Satisfaction in Law and Life
For many lawyers, career satisfaction is elusive. And far and away the least satisfied lawyers were from large firms (firms of 101 lawyers or more).
More often than not, lawyers in midsize or smaller firms said they were satisfied with their careers, as did 53 percent of sole practitioners. Freedom, say many solos, is the reason behind that result. If a sole practitioner charges $200 an hour, he or she only has to bill 25 hours a week to earn more than $117,000 a year.
“I bring home more than 50 percent of what I take in, so I don’t have to work as many hours,” says Ellen Rappaport Tanowitz, a sole practitioner in Newton, Mass., who writes about work-life balance issues. “You can have more free time and not be tied down to having to share profits with a partner.”
There are other considerations expressed by small-firm respondents. Only one in four reported workload increases, and three of every four said their firms valued their contributions. Not even half of big-firm lawyers (48 percent) said the same.
“I made the move because I found that I couldn’t control my destiny as well in a large law firm,” says Victor Medina, a name partner at the Pennington, N.J., firm Medina, Martinez & Castroll.
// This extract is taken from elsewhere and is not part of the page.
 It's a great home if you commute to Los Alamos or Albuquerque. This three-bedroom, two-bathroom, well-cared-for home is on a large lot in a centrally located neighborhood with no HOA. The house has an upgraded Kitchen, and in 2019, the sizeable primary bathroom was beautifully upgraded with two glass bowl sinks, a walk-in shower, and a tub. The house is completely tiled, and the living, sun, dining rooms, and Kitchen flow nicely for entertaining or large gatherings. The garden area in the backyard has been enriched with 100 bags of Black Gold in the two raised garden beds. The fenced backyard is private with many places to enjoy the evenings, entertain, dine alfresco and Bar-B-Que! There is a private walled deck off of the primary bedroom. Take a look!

Medina, who blogs about small-firm life, previously practiced corporate law at Bingham McCutchen and Drinker Biddle & Reath.
Work-life balance continues to be a problem for lawyers in private practice regardless of the size of their practice.
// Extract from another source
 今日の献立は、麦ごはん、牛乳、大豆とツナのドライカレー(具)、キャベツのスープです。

That said, no group of lawyers was more satisfied with their professional lives than those in the public sector, where overwhelming numbers said they were satisfied with their careers (68 percent), their work-life balance (62 percent) and the appreciation they feel in the workplace (70 percent).
Bench Strength
Two of every three lawyers surveyed said they are concerned that the court system they serve is becoming too political. The same number said they are concerned about the independence of the judiciary.
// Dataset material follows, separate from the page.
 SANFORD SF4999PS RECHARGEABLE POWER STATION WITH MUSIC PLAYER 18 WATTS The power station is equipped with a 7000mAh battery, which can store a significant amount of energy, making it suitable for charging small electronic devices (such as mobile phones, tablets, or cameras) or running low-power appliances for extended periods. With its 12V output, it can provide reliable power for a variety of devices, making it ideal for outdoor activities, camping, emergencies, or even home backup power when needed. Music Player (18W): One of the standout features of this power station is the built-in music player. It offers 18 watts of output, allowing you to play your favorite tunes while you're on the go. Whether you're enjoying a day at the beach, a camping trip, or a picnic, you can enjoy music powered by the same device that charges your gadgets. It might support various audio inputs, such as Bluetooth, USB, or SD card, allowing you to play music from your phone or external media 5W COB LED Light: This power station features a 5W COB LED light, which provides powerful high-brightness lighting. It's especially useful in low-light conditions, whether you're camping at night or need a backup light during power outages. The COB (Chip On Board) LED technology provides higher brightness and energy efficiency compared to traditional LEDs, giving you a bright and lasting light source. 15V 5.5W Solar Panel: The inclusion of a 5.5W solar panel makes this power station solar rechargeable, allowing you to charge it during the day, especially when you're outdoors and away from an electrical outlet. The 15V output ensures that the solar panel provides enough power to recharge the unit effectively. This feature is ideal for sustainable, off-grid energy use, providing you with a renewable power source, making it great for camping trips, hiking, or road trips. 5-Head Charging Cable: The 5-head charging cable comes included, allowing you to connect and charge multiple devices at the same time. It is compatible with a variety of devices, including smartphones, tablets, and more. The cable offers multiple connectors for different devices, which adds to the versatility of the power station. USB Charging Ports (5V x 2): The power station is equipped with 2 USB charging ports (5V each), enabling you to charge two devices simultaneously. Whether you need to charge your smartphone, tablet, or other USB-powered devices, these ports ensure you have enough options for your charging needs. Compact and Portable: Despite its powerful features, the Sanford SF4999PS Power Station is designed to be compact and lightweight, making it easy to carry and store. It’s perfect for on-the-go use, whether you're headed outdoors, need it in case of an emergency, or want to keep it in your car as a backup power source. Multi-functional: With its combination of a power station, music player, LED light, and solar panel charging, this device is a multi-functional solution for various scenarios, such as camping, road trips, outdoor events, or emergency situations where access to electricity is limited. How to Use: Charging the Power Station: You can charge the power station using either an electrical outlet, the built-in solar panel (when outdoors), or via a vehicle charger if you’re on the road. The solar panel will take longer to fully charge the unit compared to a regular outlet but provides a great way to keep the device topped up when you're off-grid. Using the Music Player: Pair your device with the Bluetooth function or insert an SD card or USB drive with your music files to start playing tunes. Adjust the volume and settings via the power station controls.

Lawyers from large firms and midsize firms expressed less concern about judicial politicization than others. But both groups expressed a slightly higher degree of alarm when asked about the issue of judicial independence.
Yet the highest degree of concern was registered among public sector lawyers, including local prosecutors, public defenders and lawyers for agencies at all levels of government. These are the lawyers who most often deal with hot-button social and political issues as a matter of everyday concern. And nearly three in four say they are concerned on both counts: That the law has become too political and that judges have lost a degree of independence.
Fueling such sentiments, say some government lawyers, might be the increasingly aggressive tactics of single-interest groups and blanket coverage by a sometimes less circumspect media. “What you’re seeing more often is the demonizing of public officials for the decisions they make, as opposed to a balanced, fair analysis,” says Charles W. Thompson Jr., executive director of the International Municipal Lawyers Association.
A former head of the Montgomery County, Md., law department, he mentions issues such as immigration, abortion and same-sex marriage. “If you’re not the lead person, you’re seeing it with respect to the person in the office who is being demonized—and also catching a feel of what the other person is going through,” Thompson says.
Darcee S. Siegel, chair of the ABA’s Government and Public Sector Lawyers Division, agrees with that theory. She also mentions that government lawyers tend to be in court more often than those in other practice groups, so they would see political interference firsthand.
“It’s increasingly becoming more of a problem,” says Siegel, the assistant city attorney for North Miami Beach, Fla., “and an issue that needs to be dealt with.”